═══ Extracted records ═══

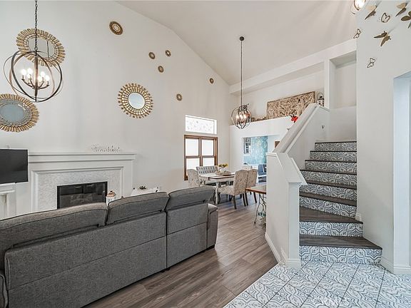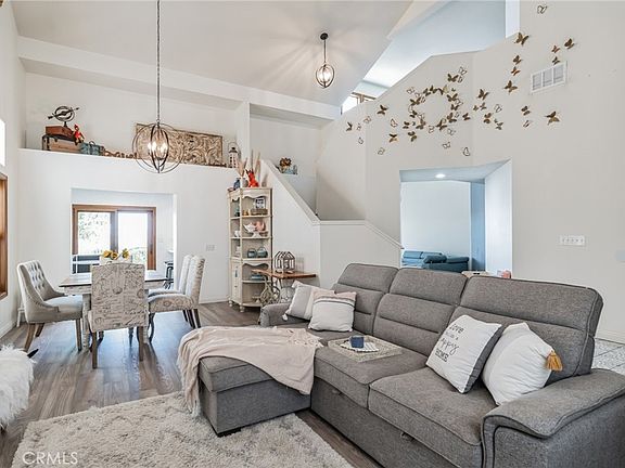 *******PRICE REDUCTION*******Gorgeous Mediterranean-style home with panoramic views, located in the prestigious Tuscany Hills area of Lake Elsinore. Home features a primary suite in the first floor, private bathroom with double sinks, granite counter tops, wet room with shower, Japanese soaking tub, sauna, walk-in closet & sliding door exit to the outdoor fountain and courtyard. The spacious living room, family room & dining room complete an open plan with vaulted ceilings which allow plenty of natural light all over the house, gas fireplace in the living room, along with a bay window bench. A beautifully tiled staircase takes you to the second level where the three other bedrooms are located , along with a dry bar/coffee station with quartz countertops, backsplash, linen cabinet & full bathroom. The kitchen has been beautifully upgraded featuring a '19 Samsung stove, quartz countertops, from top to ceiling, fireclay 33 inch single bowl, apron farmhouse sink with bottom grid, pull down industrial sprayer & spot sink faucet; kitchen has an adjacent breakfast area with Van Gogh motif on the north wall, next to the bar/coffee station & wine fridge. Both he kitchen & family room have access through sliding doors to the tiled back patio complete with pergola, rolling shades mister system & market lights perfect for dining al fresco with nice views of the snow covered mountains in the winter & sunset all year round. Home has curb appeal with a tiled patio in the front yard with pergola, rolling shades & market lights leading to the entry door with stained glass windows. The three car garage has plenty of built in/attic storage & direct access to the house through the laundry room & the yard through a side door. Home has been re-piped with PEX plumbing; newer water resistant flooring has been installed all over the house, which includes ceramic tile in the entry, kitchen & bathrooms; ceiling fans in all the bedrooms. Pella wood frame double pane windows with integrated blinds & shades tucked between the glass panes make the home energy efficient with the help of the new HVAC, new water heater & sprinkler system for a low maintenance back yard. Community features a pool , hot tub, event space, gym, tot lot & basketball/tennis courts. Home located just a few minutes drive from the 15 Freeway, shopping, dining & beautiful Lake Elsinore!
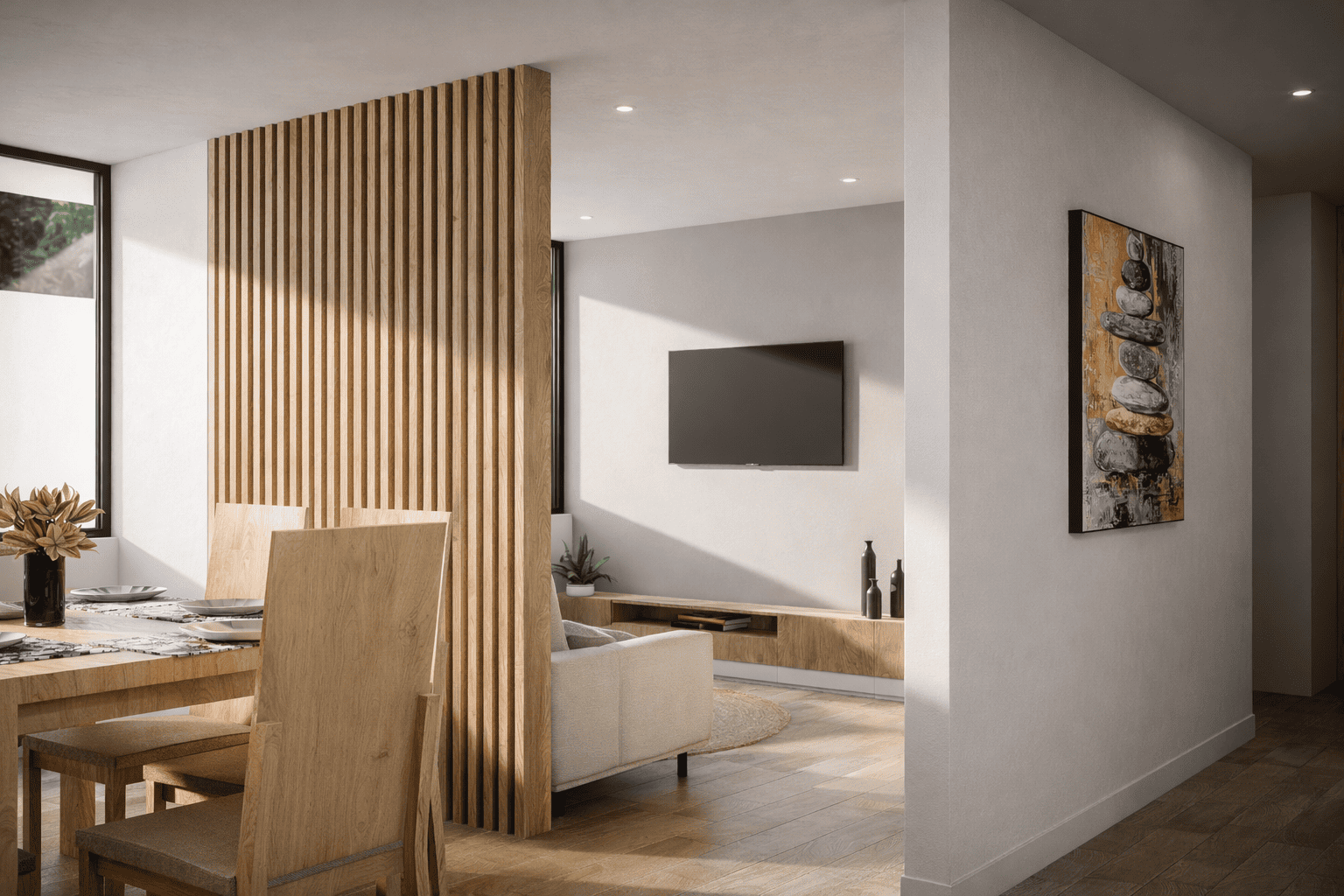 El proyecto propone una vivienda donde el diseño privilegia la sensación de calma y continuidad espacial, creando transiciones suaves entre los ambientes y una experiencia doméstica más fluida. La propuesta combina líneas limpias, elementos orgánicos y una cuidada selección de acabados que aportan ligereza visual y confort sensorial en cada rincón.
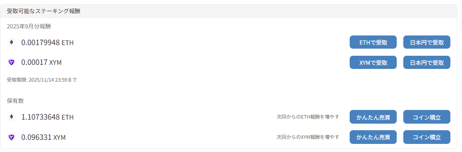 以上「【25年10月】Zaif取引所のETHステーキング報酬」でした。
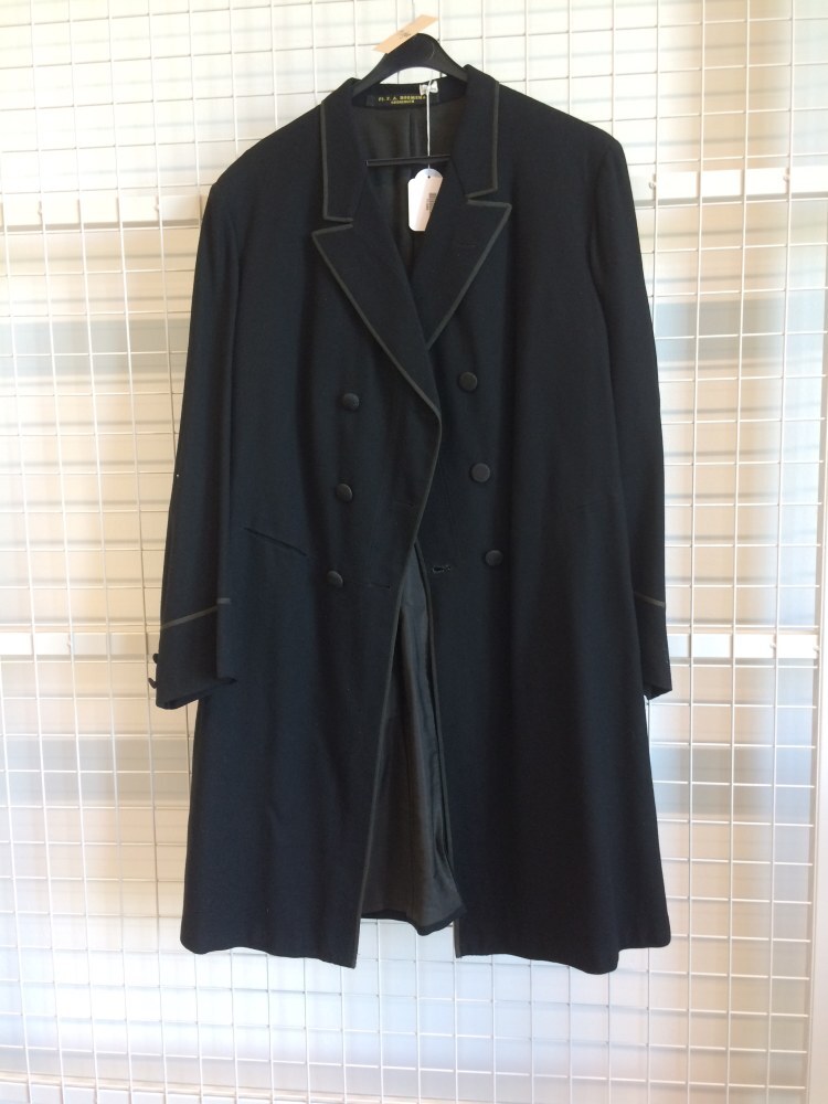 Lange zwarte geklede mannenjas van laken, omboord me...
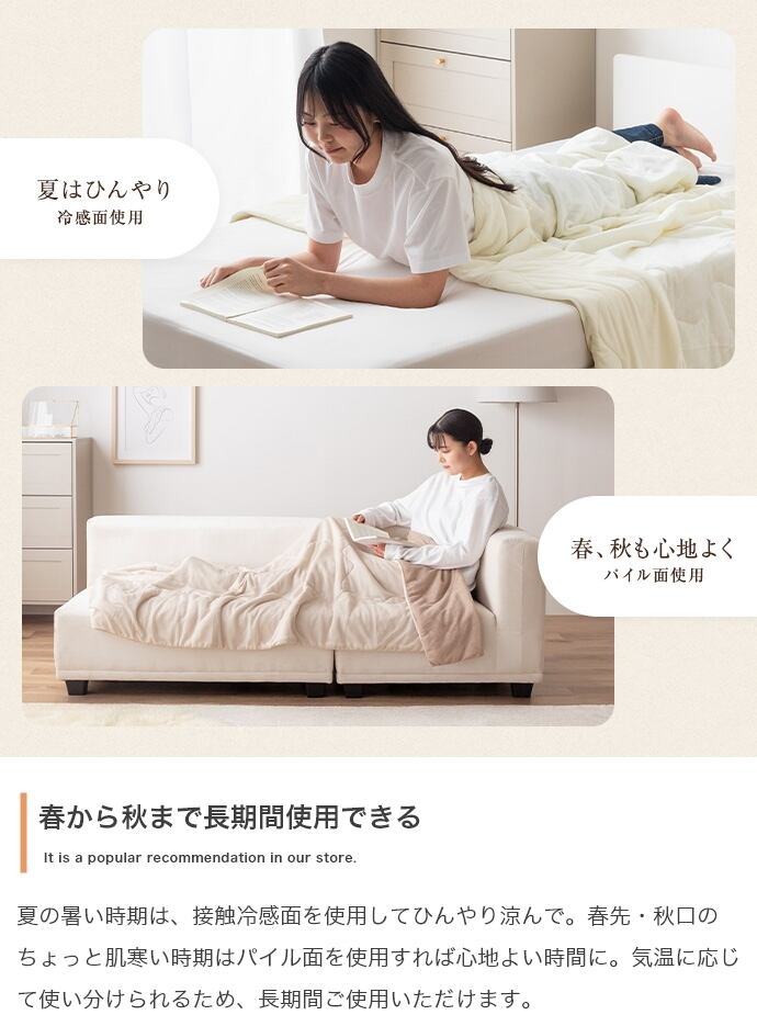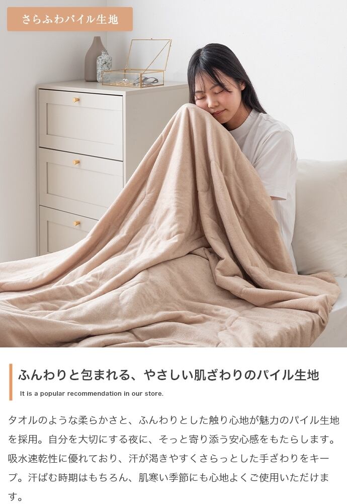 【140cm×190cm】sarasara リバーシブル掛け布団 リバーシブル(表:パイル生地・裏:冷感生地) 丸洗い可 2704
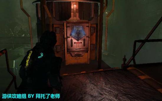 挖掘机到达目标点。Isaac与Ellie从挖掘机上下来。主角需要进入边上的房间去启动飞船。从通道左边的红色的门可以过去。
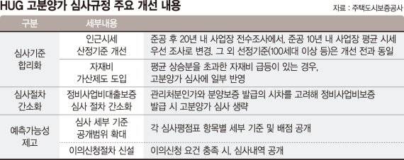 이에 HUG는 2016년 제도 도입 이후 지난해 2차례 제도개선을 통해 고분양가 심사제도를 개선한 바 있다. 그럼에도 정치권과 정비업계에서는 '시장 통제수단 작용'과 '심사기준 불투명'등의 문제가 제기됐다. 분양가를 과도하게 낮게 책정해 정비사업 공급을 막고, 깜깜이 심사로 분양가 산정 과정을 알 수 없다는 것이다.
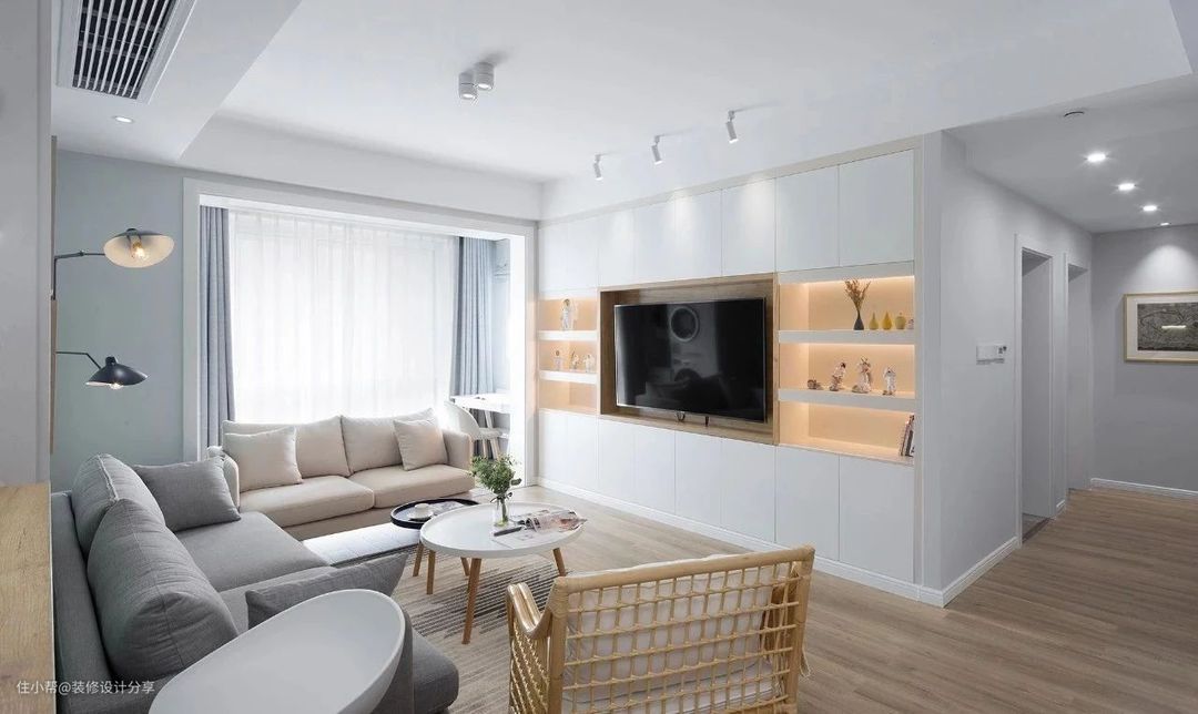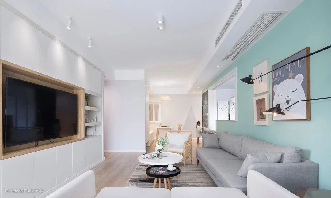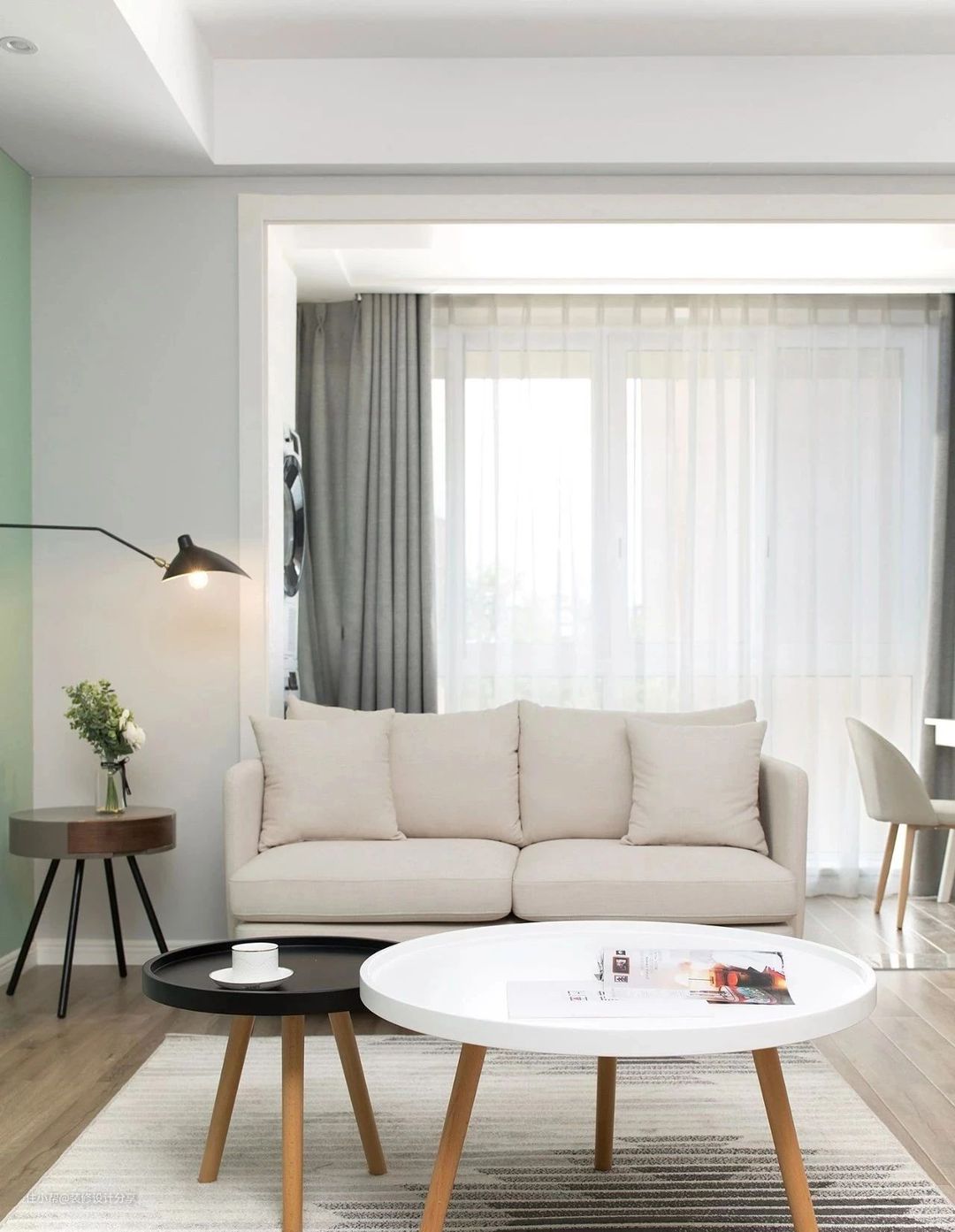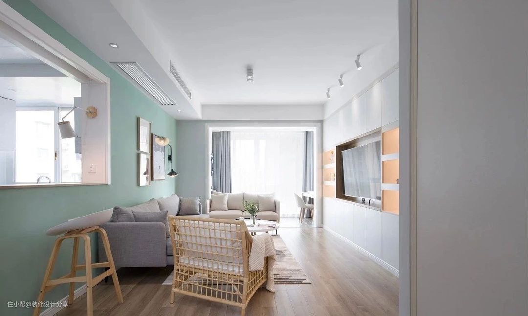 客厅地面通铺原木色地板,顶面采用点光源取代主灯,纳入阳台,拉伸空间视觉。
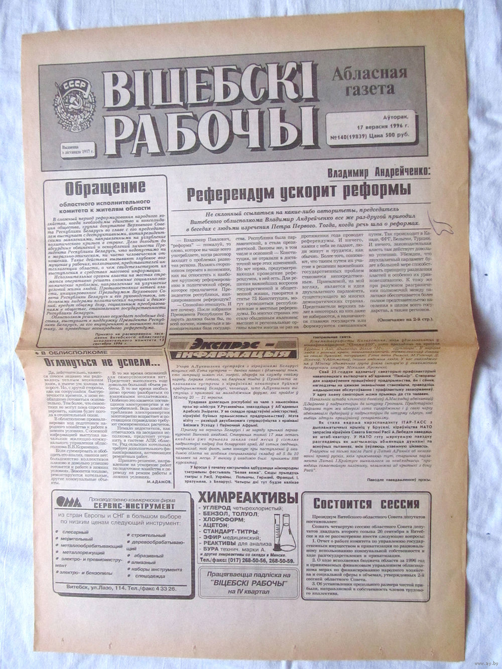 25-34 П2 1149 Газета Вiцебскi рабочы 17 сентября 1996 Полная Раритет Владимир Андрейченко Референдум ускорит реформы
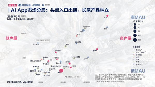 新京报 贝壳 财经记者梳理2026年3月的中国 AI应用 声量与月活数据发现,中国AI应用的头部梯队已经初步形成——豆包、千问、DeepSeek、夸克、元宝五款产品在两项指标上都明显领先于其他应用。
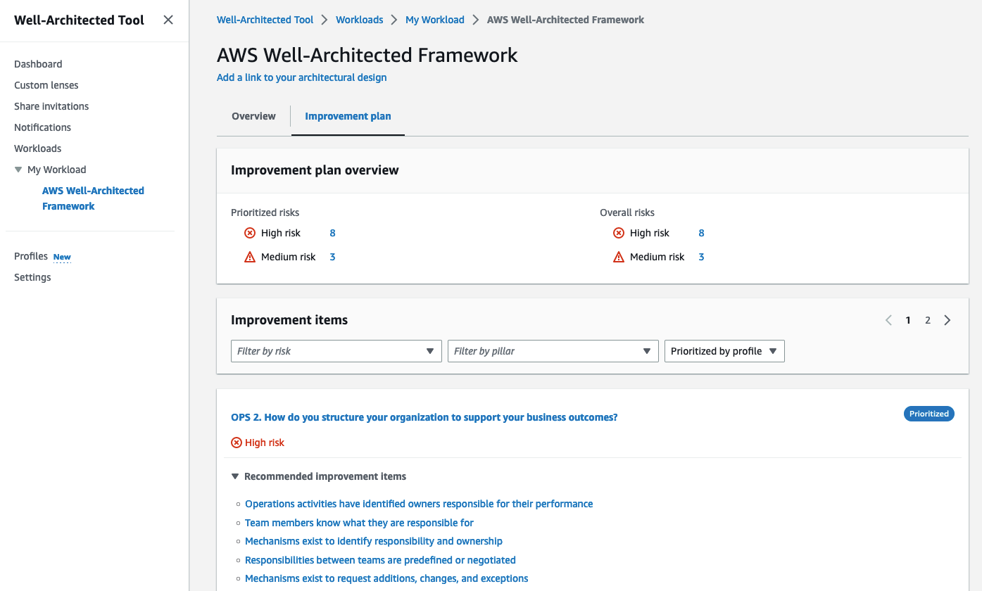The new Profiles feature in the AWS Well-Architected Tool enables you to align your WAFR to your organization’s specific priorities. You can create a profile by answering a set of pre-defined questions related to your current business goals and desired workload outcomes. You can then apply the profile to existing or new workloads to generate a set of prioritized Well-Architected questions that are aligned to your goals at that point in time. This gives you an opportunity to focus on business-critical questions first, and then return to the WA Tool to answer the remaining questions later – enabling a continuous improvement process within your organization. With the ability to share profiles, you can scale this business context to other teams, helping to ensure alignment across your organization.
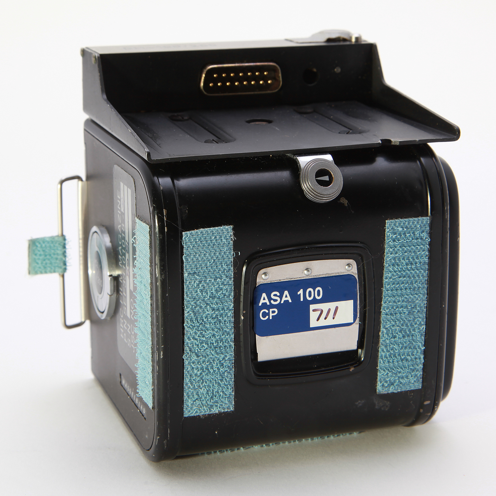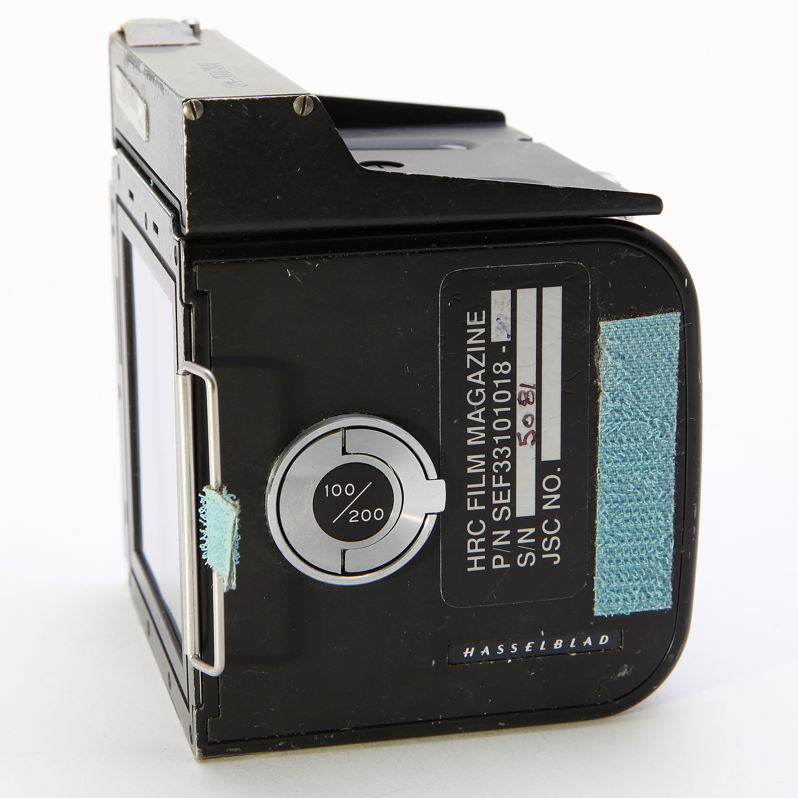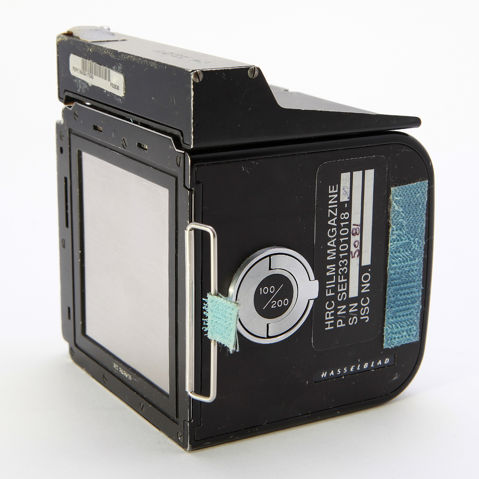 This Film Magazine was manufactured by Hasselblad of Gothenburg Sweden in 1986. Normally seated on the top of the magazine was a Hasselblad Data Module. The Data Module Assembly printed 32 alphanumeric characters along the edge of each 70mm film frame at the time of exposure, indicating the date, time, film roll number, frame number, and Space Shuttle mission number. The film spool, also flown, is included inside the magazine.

═══

# The problem
Above, find the line with "Lange zwarte geklede"; copy it and every line down to the line with "挖掘机到达目标点。Isaac", exactly and both included, but no pictures.

# Written answer
 Lange zwarte geklede mannenjas van laken, omboord me...
 【140cm×190cm】sarasara リバーシブル掛け布団 リバーシブル(表:パイル生地・裏:冷感生地) 丸洗い可 2704
 挖掘机到达目标点。Isaac与Ellie从挖掘机上下来。主角需要进入边上的房间去启动飞船。从通道左边的红色的门可以过去。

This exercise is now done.